CLOUDY WITH A CHANCE OF MEATBALLS 2
About the Characters
Flint Lockwood, you just saved Swallow Falls from giant food
storm oblivion! What are you going to do next? How about --
save the world... again? Seems that Flint's most famous
invention (the one that turns water into food -- the one that
caused that trouble last time) is still active and is now spewing
out living food creatures -- foodimals! Soon, it's back to the
island of Swallow Falls, with all of his friends in tow. Flint still
feels responsible for the havoc that's resulted from his invention
-- can he and his friends stop the foodimals before they take over
The role is voiced by Bill Hader. "Bill
can take these lines and find things in
them that we never imagined," says
Cameron. "Crazy shrieks and yells --
he's very cartoony in his performance."
But it's not just a cartoon, adds
Cameron. "Also, there's a very
earnest heart to the character, both in
the first film and this one. That's what Bill brings. He's silly and energetic, of course,
but he also gives a sincere performance that brings heart and purity when Flint is down
and desperate. He brings the full range."
"It's great to be back in the spray-on shoes of Flint Lockwood," says Hader. "In fact, it
seems like I never left him behind -- every month or so, I get to come into the booth and
do Flint's voice for a bit. I love it."
"Flint is that guy who has good intentions -- great intentions -- but everything always
goes wrong," Hader continues. "On the other hand, he's very driven and very confident,
even when everybody else thinks he's crazy. Actually, I feel a kinship with him -- we're
both nerdy, nervous, and not great with girls."
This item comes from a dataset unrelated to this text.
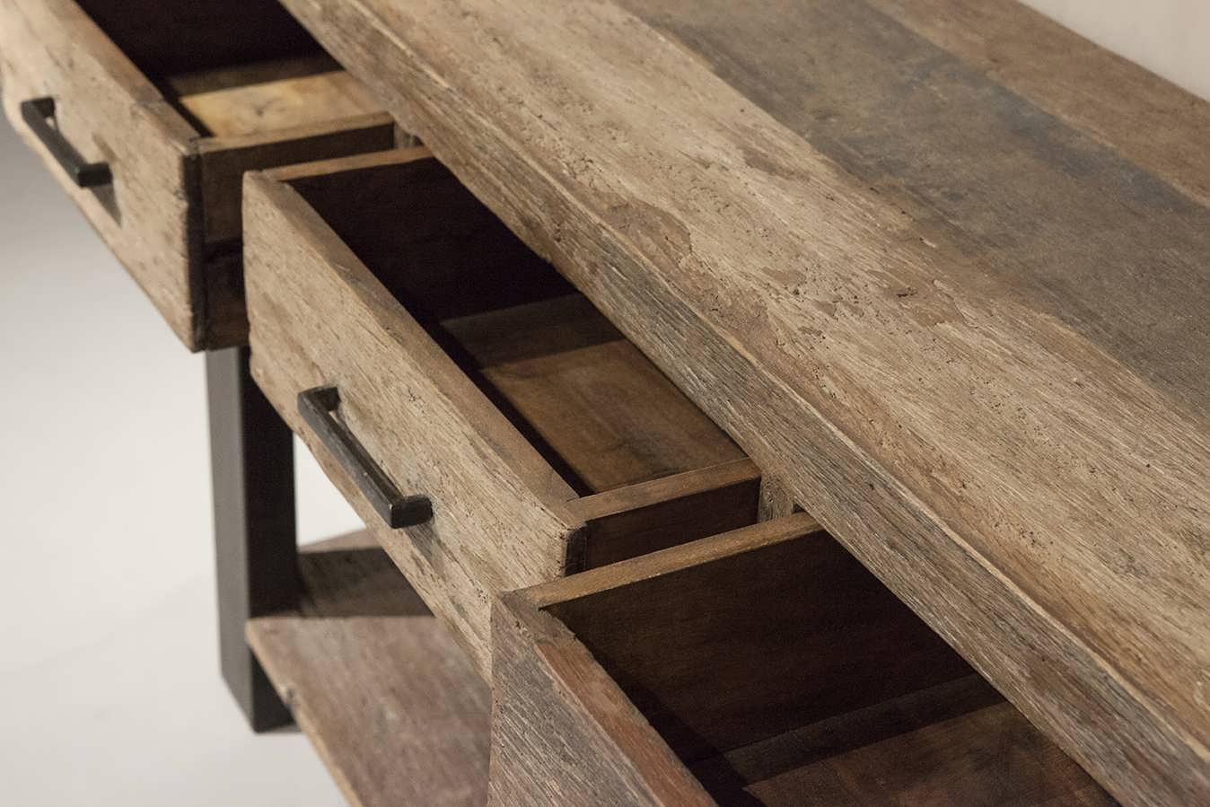 De hand gesmede handgrepen van deze meubels maken een mooi contrast en geeft het geheel net dat industriële tintje. Houd rekening met de grofheid van het hout, hoewel de planken netjes schoongeborsteld worden en ontdaan van schroeven en spijkers zal het hout nooit geheel splinter vrij zijn, iets wat natuurlijk ook het hout zijn eigen charme geeft.

Flint Lockwood's edible worldwide meteorological occurrences have
catapulted Sam Sparks to TV stardom as weather watchers turned to
her for updates during the "greatest weather phenomenon in
history." She is finally being accepted as a serious meteorologist who
remains perky in the face of danger. Once Sam declared she "like-
likes" Flint and wants him to be happy, there is no keeping her from
joining him on the expedition back to Swallow Falls to save civilization
from the invasion of gigantic living food creatures. But why doesn't working together have that ol' "thunder and lightning" that it once had?
"Sam is still very much the observational scientist," says Pearn. "On this journey back
to the island, Sam is the one who's emotional and also really smart, so she's the one
who starts to crack the mystery of this island. The interesting thing about the
relationship between Sam and Flint is that Flint brings Sam out of her shell in the first
movie, and in this movie he doesn't appreciate her in the way he should. As a result, he
almost loses her -- and the island appreciates her."
Anna Faris reprises her
role. "I was so proud of
the way the first film turned
out," she says. "When
you're voicing a role in an
animated movie, you're
working on it for a year but
you don't really know what
it's going to be until the
end. It was amazing to
see it all come together,
the artistry involved was incredible, and it was so much fun."
"Sam is one of the smarter characters I've played," she laughs. "She's bright and
optimistic, she's a leader but also supportive. She's an adventurer, and she has a lot of
compassion. I think she's just a great gal."
"Anna's comedy timing is amazing," says Pearn. "She's often playing the straight man
against Flint, but she finds the comedy angle in the simplest lines."
"She makes Sam feel smart and warm at the same time," says Cameron.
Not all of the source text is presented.